Justin Urquhart Stewart, of Seven Investment Management:
“We are in for a slow, grinding recovery over a matter of years - prices will not suddenly bounce back. Supply and demand are both falling, and with agents selling only one property a week we have a false view of the housing market. It is a bit like a bag of Maltesers. There are lots of areas, each with their own tiny bubbles inside, that could independently go off at any time. We have a false view of the market because we cannot see what is happening in each of these tiny bubbles.”
Liam Bailey, head of residential research at Knight Frank:
“Even with the Government saying that it will try to encourage the mortgage market, I can't see house prices falling by anything less than 30 per cent. There will not be a recovery until 2010 at the earliest. If we can increase the number of sales, that would be a boost, but I don't see sales volumes recovering until spring next year. In many parts of the country, prices will have fallen by up to 30 per cent already, so next year buyers will feel more confident that they could be buying at the bottom, and banks could also be more inclined to lend because they will not be lending on an asset that still has 10 or 20 per cent left to fall.”
Jonathan Cornell, Hamptons International Mortgages director:
“The £37 billion government bailout will improve the mortgage market, but anyone expecting a silver bullet will be disappointed. It will take several weeks to bring out better rates - lenders are still in a state of confusion. The Government will want more support for first-time buyers, so we will start to see the re-emergence of 90 and 95 per cent deals. Even lenders that have not been nationalised will benefit from the increased liquidity in the market.”
Ray Boulger, senior technical adviser at John Charcol:
“The Government's commitment to bring back lending to 2007 levels has not been thought through. Nationwide and Lloyds TSB were the main banks still offering high loan-to-value (LTV) mortgages. On Tuesday, Nationwide cut its LTVs to 85 per cent, leaving LloydsTSB to mop up that market. The fallout will prove too much, and it will have to withdraw these deals too.”
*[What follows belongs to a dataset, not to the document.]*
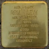 Levy, Regina, geb. Neuberger, wurde am 13.02.1884 Rodalben geboren. Ihre Eltern waren Friedrich Neuberger und Amalie Susmann. Regina Levy war verheiratet mit Elias Emil Levy einem Kaufmann, der am 25.01.1876 in Wawern geboren wurde. Gemeinsam hatten sie drei Kinder: Leo (*22.10.1906), Kurt (*22.09.1908) und Helene (*28.12.1913). Die Familie wohnte in der Judengasse 2 in Illingen. Zuletzt lebte Regina Levy in der ehemaligen Adolf-Hitler-Str. 62. Wie auch die Familie Herzog wurde Regina Levy am 22. Oktober 1940 nach Gurs in Südfrankreich deportiert. Sie kam am 06.08.1942 von Gurs nach Drancy, von dort mit Transport Nr. 17 am 10.08.1942 nach Auschwitz. Was mit den Kindern und dem Ehemann passierte konnten wir leider nicht herausfinden. In der Datenbank „Gurs.Saarland“ findet man den Hinweis, dass sie verwitwet war. Den Kindern ist wohl die Flucht in die USA gelungen, wobei für Helene Levy kein Stolperstein verlegt wurde. Wer Alice und Claudette Levy waren, konnten wir leider nicht herausfinden.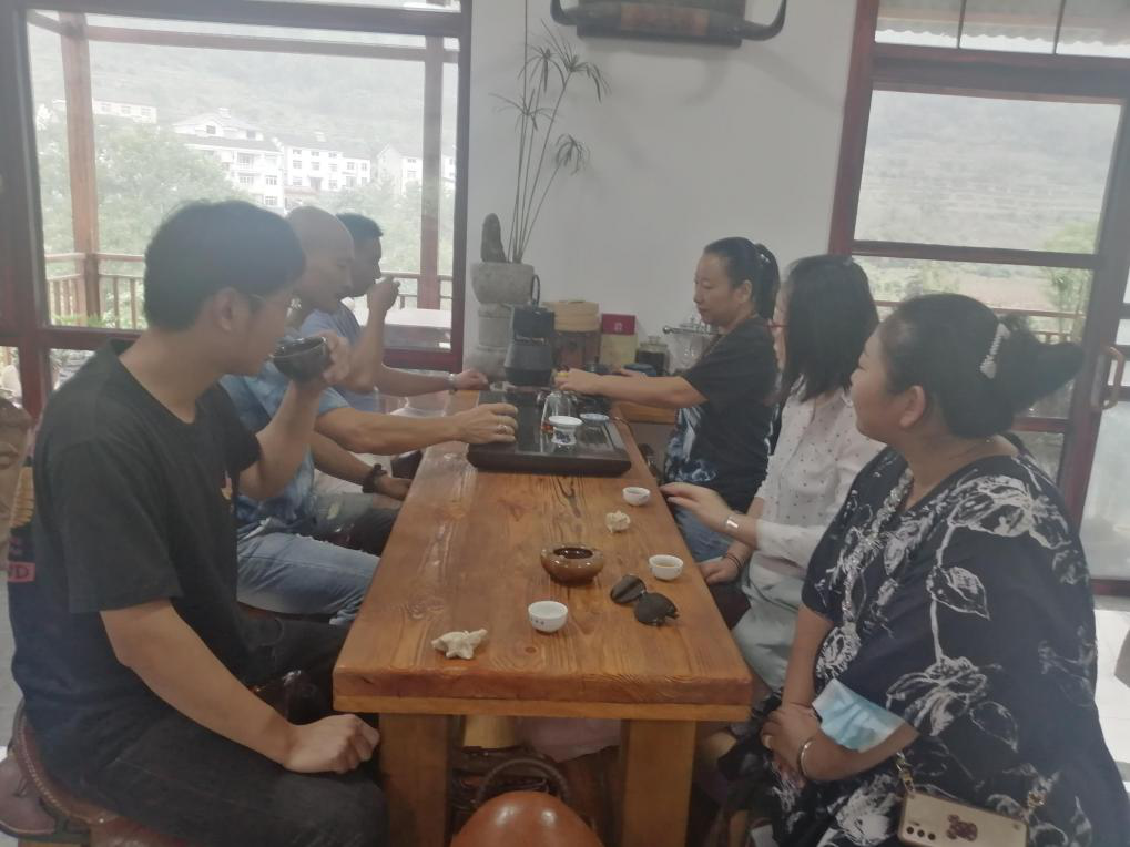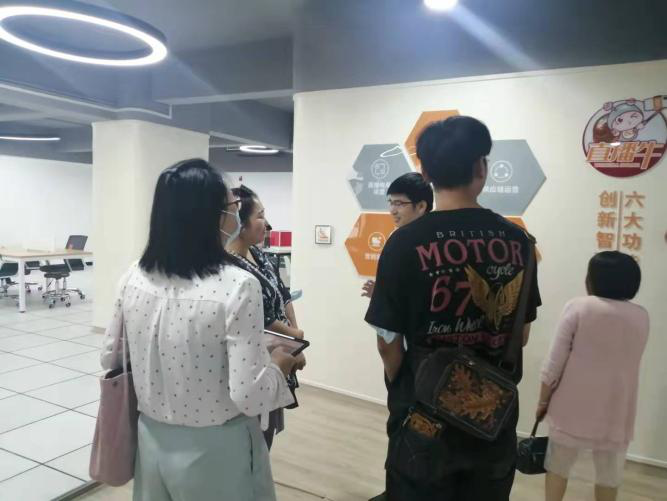 (张兴老师带团队成员与基地负责人阮总进行项目洽谈)

Yolande Barnes, head of research at Savills:
“Even if it's in 20 years, the market will boom again. It depends on the feel-good factor, which is anyone's call. We still have not had the full impact of rising repossessions on prices but there is now a question mark over whether we will see this, because with the Government running the banks it might want to handle arrears cases differently. Once prices have fallen by 25 per cent they could bounce around the bottom for a few years, which is what happened between 1992 and 1995. Rental yields are an indication of fair value, and they are almost there already.”